AnnData object with n_obs × n_vars = 2531 × 2000
    obs: 'day', 'proliferation', 'G2M_score', 'S_score', 'phase', 'clusters_coarse', 'clusters', 'clusters_fine', 'louvain_Alpha', 'louvain_Beta', 'initial_size_unspliced', 'initial_size_spliced', 'initial_size', 'n_counts', 'velocity_self_transition', 'dpt_pseudotime'
    var: 'highly_variable_genes', 'gene_count_corr', 'means', 'dispersions', 'dispersions_norm', 'fit_r2', 'fit_alpha', 'fit_beta', 'fit_gamma', 'fit_t_', 'fit_scaling', 'fit_std_u', 'fit_std_s', 'fit_likelihood', 'fit_u0', 'fit_s0', 'fit_pval_steady', 'fit_steady_u', 'fit_steady_s', 'fit_variance', 'fit_alignment_scaling', 'velocity_genes'
    uns: 'clusters_colors', 'clusters_fine_colors', 'diffmap_evals', 'iroot', 'louvain_Alpha_colors', 'louvain_Beta_colors', 'neighbors', 'pca', 'recover_dynamics', 'velocity_graph', 'velocity_graph_neg', 'velocity_params'
    obsm: 'X_diffmap', 'X_pca', 'X_umap', 'velocity_umap'
    varm: 'PCs', 'loss'
    layers: 'Ms', 'Mu', 'fit_t', 'fit_tau', 'fit_tau_', 'spliced', 'unspliced', 'velocity', 'velocity_u'
    obsp: 'connectivities', 'distances'

First, we create the kernel using the high-level function cellrank.tl.transition_matrix(), but any instance of cellrank.tl.kernels.Kernel would do.

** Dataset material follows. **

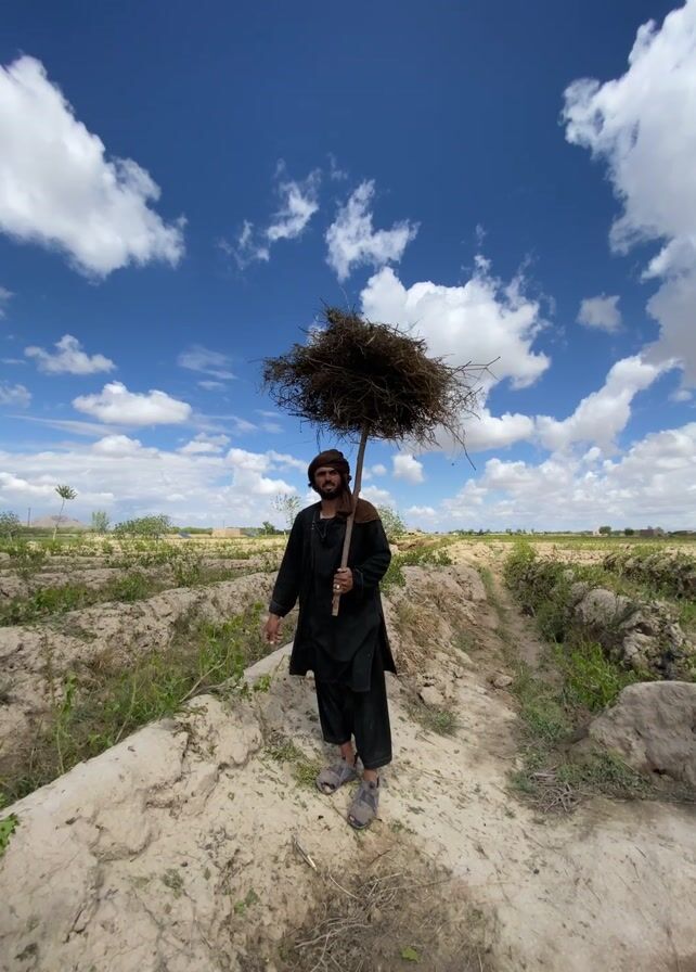 A man stands in a field under a blue sky with fluffy white clouds. He's dressed in dark traditional clothing and holds a staff topped with a large, circular bundle of twigs and dry grass, which acts as an umbrella. The field is uneven, with ridges of dry earth and sparse green vegetation. The scene suggests a rural, possibly arid landscape.

k = cr.tl.transition_matrix(
    adata, weight_connectivities=0.2, softmax_scale=4, show_progress_bar=False
)
k

Out:

((0.8 * <VelocityKernel>) + (0.2 * <ConnectivityKernel>))

Next, we simulate and plot random walks. Below we simulate 100 random walks of length 100 where starting points are uniformly sampled from the Ngn3 low EP cluster.

k.plot_random_walks(
    100,
    start_ixs={"clusters": "Ngn3 low EP"},
    max_iter=100,
    show_progress_bar=False,
    ixs_legend_loc="best",
    seed=42,
)
clusters

Apart from start_ixs, we can also specify stop_ixs and successive_hits to control when random walks stop. Random walk is stopped if the maximum number of iterations is reached or when states in stop_ixs is visited successively successive_hits times.

k.plot_random_walks(
    100,
    start_ixs={"clusters": "Ngn3 low EP"},
    stop_ixs={"clusters": ["Alpha", "Beta"]},
    max_iter=100,
    successive_hits=5,
    show_progress_bar=False,
    cmap="viridis",
    seed=42,
)
clusters

Another way of visualizing the transition matrix is to project it onto an embedding, see Plot projection for more information.

Total running time of the script: ( 0 minutes 8.397 seconds)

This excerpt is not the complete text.